Scott Martin

Fellow, 2022-23

Scott B. Martin (Ph.D., Columbia University) has taught regularly in the New School’s Graduate Program in International Affairs program since 2005 as well as in the School of International and Public Affairs at Columbia University since 1998. Prof. Martin has also been a Lecturer of Political Science and Latin American Studies at Princeton University and a full-time Visiting Lecturer at Yale University and Sarah Lawrence College. He holds a Ph.D. in Political Science from Columbia University (2001), where he also served for two years as Assistant Director of the Institute of Latin American Studies, and regularly served as a freelance research contributor to Latin American reports of the Economist Intelligence Unit for over a decade. His areas of research and teaching specialization are comparative and transnational labor politics, comparative social policy, corporate social responsibility in transnational corporations, politics/policy of socio-economic development, and Latin American political economy. He is co-author of Labor Contestation at Walmart Brazil: Limits of Global Diffusion in Latin America (Palgrave, 2021), exploring the nationally contingent patterns of conflict and cooperation between unions and regulators on one hand the U.S. supermarket giant, on the other (with João Paulo Veiga and Katiuscia Galhera). He co-edited and contributed to El Estado de Bienestar ante la Globalización: El Caso de Norteamérica (El Colegio de México, 2012, with Ilán Bizberg); Competitiveness and Development: Local Actors and Institutions (São Paulo, SENAC, 2001); and The New Politics of Inequality: Rethinking Participation and Representation (Oxford, 1997).

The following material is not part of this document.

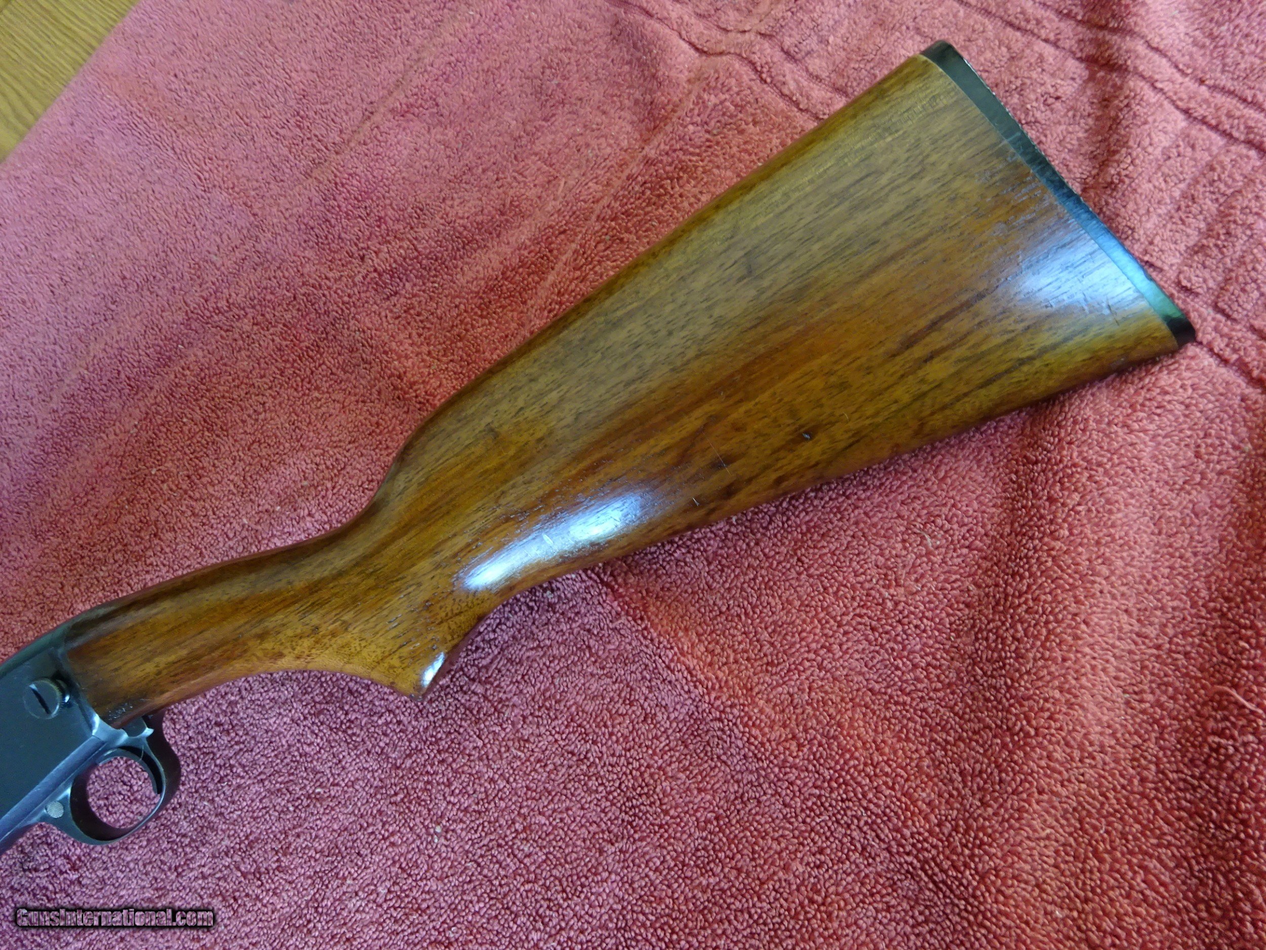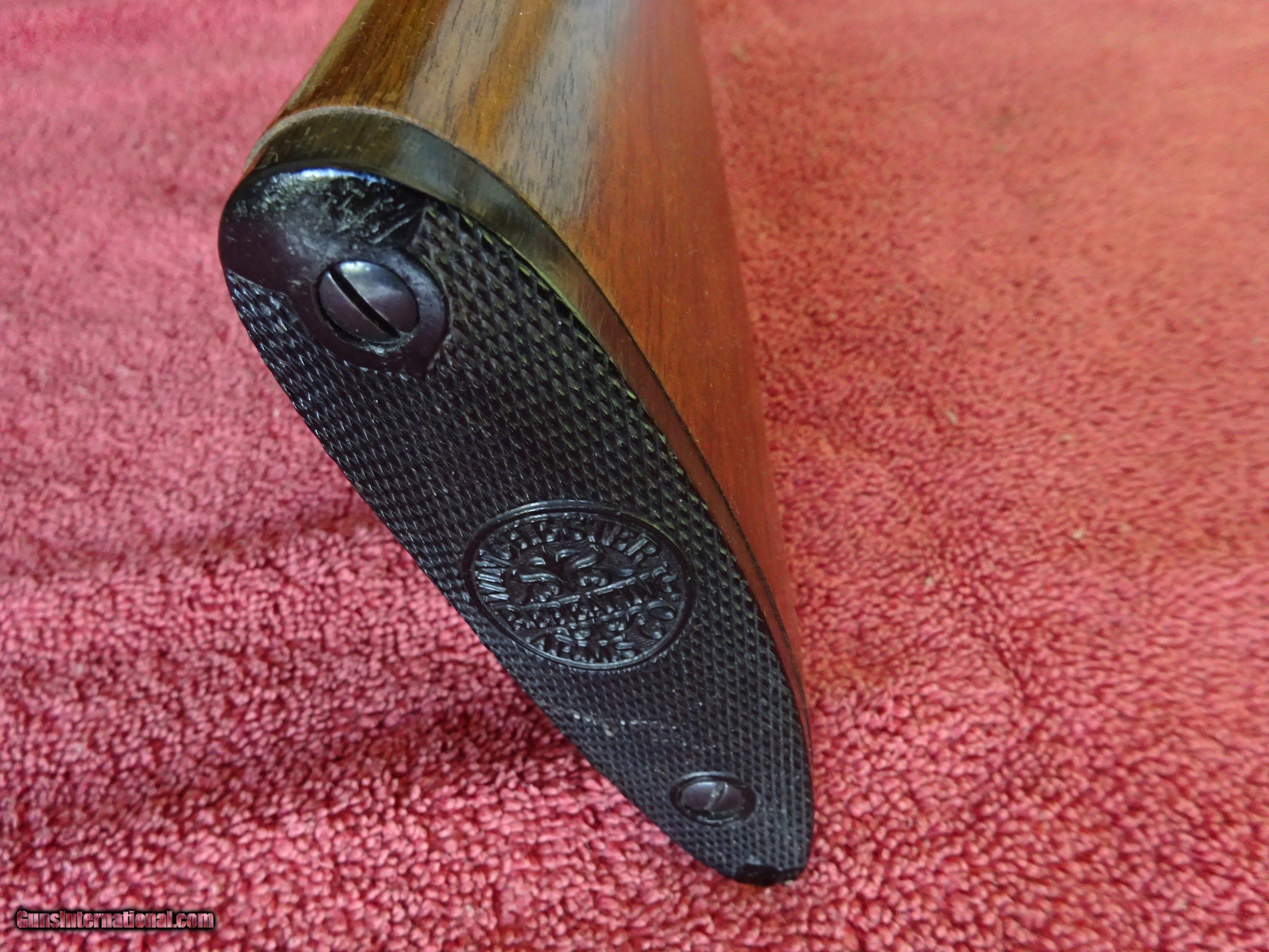 Description: SALE PENDING WINCHESTER MODEL 61, 22 S. L. OR L.R., 24" ROUND BARREL. MIRROR PERFECT BORE, ONLY BARREL BLUE WEAR IS FROM THE MOVEMENT OF THE SLIDE. GROOVED RECEIVER WITH 100% BLUE, NO EDGE WEAR. PISTOL GRIP STOCK, RIBBED FOREARM, NEAR PERFECT WOOD AND VARNISH, COMPOSITION BUTTPLATE. 100% ORIGINAL CONDITION. HARD TO FIND A NICER EXAMPLE. MADE IN 1963, THE FINAL YEAR OF PRODUCTION. $1275.00 + $60.00 Insured shipping to an FFL address. Layaway is available. See all Pats gun listings on this site! We also have hundreds of pieces of ORIGINAL gun company advertising & memorabilia available for sale on our site SPORTINGCOLLECTIBLES. We have no reprints or reproductions. Email for more information. SOLD Curio/Relic: Yes |
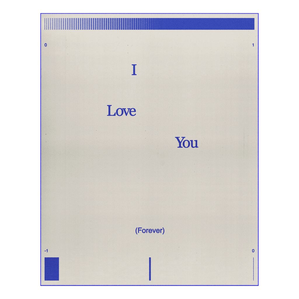 Features "I Love you Forever" text with geometric design along the sides and corners

For 2021-22 he was the recipient of a Centennial Fellowship research grant from the American Political Science Association for his work on labor conflict and algorithmic management at e-commerce giant Amazon’s warehouses in Brazil and Mexico. As Heilbroner Faculty Fellow he will continue this project and also further develop a research network on “global Amazon” in comparative international perspective that he has formed with an eye toward an authors’ workshop and volume he will edit. The variations in local and national patterns of conflict around Amazon’s contentious and high-stress workplace and broader business model on a range of issues related to labor and digital rights and environmental justice and across North and South America, Eastern and Western Europe, and Asia will be the focus of that multi-author, collaborative work.